Frozen and healthy: To get you started, Applegate Farms’s chicken nuggets are better than ever, while Alexia just added organic oven crinkle fries to its line of frozen potato products, including delicious Yukon Gold mashed potatoes and sweet potato fries. From canned soup to spinach pizza to pesto tortellini, convenience foods from Amy’s Kitchen are family favorites. Ian’s Natural Foods offers frozen fish stick, chicken nugget, pizza and pancake meals for kids, as well as fancier fare such as stuffed chicken breasts. A favorite of Liz Weiss’s family: Cedarlane Natural Foods frozen Mexican foods, like low-fat garden vegetable enchiladas and salsa burrito grande. Grocery chains such as Trader Joe’s, Whole Foods and Wild Oats have many private-label convenience foods that are all, or mostly, organic and free of trans fats.
Week 7: Put Healthy Drinks on Tap
Don’t waste calories on no-nutrient beverages. Besides milk (discussed in the dairy section), fill your cart with water, vegetable juice, 100 percent fruit juice and teas. “If your family really likes soda, save it for special occasions,” suggests Zanecosky. A better choice: Juice spritzers like those from After the Fall and Izze.
Travel well: For lunchboxes or travel, fill a Thermos or drink bottle with water, milk or juice (for milk, make sure to use a cooler or cold pack to prevent spoilage). R.W. Knudsen makes a delicious line of 100 percent organic juices. Apple & Eve also offers a line of organic juices, including such flavors as Cranberry Blueberry and Peach Mango. And Horizon Organic sells four versions of organic orange juice (including calcium fortified) as well as Orange-Carrot and Pineapple-Orange in half-gallon cartons.
Refreshment: Since tea is teeming with antioxidants, it’s another great beverage option. The Republic of Tea has a line of eight organic teas, such as Dancing Leaves Green Tea and Flowering Fruit Tea. Harney & Sons also boasts a great organic tea selection; Passion Plum tastes magnificent and Peppermint is great for children. And in January, Honest Tea’s entire line, including its delicious bottled iced teas, became certified organic.

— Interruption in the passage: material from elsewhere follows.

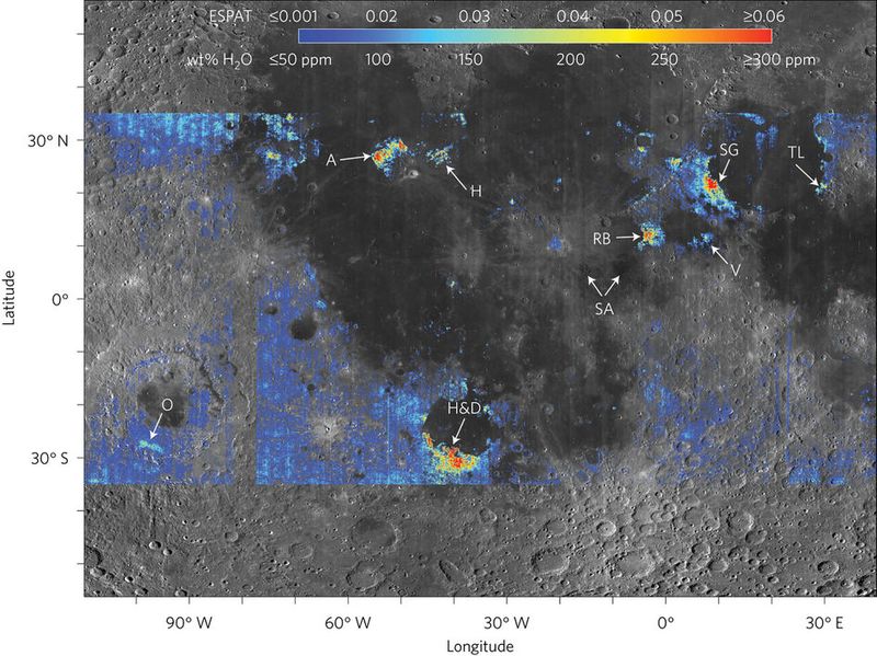 دانشمندان نمونه ای از سنگ های قمری را که حاوی دانه های کوچک شیشه ای از آب هستند را مورد بررسی قرار دادند. این دانه ها میلیاردها سال قبل، زمانیکه مواد آلی از درون ماه فوران کرد، تشکیل شدند و آب به درون آنها نفوذ کرد. دانشمندان اطلاعات ماهواره ای که توسط فضاپیمای هندی که به دور ماه میگردد را برای کشف اینکه این دانه های شیشه ای حاوی آب قرار گرفته اند، بررسی کردند. نتایج این بررسی امروز در وبسایت Nature Geoscience منتشر شد که نشان میدهد دو نقطه داغ گسترده از مواد آتشفشانی در آنسوی قطب های ماه وجود دارند که منبع غنی از آب هستند.
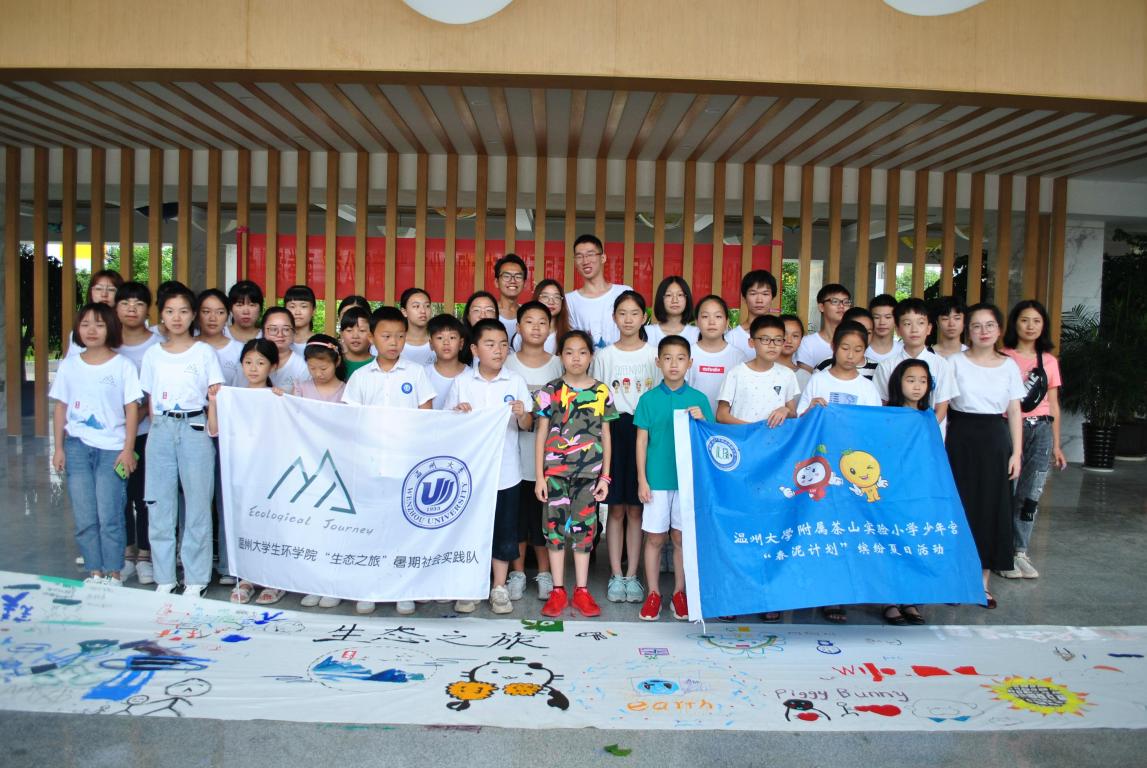 实践活动的第一篇章:教育篇——幼教启明,环保从娃娃抓起。这是在太阳成集团tyc33455ccwww茶山附属小学与孩子们度过充实又快乐的六天,这段时间里,与孩子们进行的每一项活动都经过了实践队成员的认真思索,让孩子们在游戏中学习生态环保的相关知识,更加绿色地生活、学习。DIY环保袋、寻找生态树与认识校园植物,让孩子们充分发挥创造力,树立生态意识;观看环保影片,并积极探索垃圾分类相关知识,通过寓教于乐的方式帮助孩子们理解垃圾分类重要性,树立环保意识;生态运动会、绘制叶脉书签与纸扇、进行污水处理实验,孩子们在动手操作的过程中拓宽了知识面,体会到了更多的环保理念。最后,实践队成员与孩子们一起绘制十米画卷,在画布上描绘着这些天的收获、成长与快乐。

Week 8: Scale Back on Snacks
Variety encourages us to eat. Want proof? When researchers at the University of Illinois gave adults and children M&Ms and jelly beans, they ate significantly more when there were more colors presented, even though they all tasted the same! That’s why stocking several kinds of cookies, crackers and chips is bad news for your family’s diet.
Simplify: To cut down on the desire for salty and sweet treats, limit your purchases to two salty snack foods and one sweet a week and encourage your family to consume them in reasonable portions. If they’re devoured after two days, don’t replace them.
Satisfy: With this strategy, you don’t have to opt for unsatisfying low-fat versions of your favorite indulgences because portion sizes will be tightly controlled. You still, however, want to avoid trans fats and stick to organic when possible. And these are becoming easier to find: Frito-Lay just introduced its natural line, which features corn chips and cheese doodles made with organically grown corn and no trans fats. Other mouth-watering munchies: Natural Choice ice cream, sorbet and fruit pops; Dancing Deer all-natural cookies (try Molasses Clove), Wholly Healthy cheesecake and apple pie (available in the frozen section). Annie’s, Our Family Farm and Garden of Eatin’ also make a wide range of snacks your whole family will love.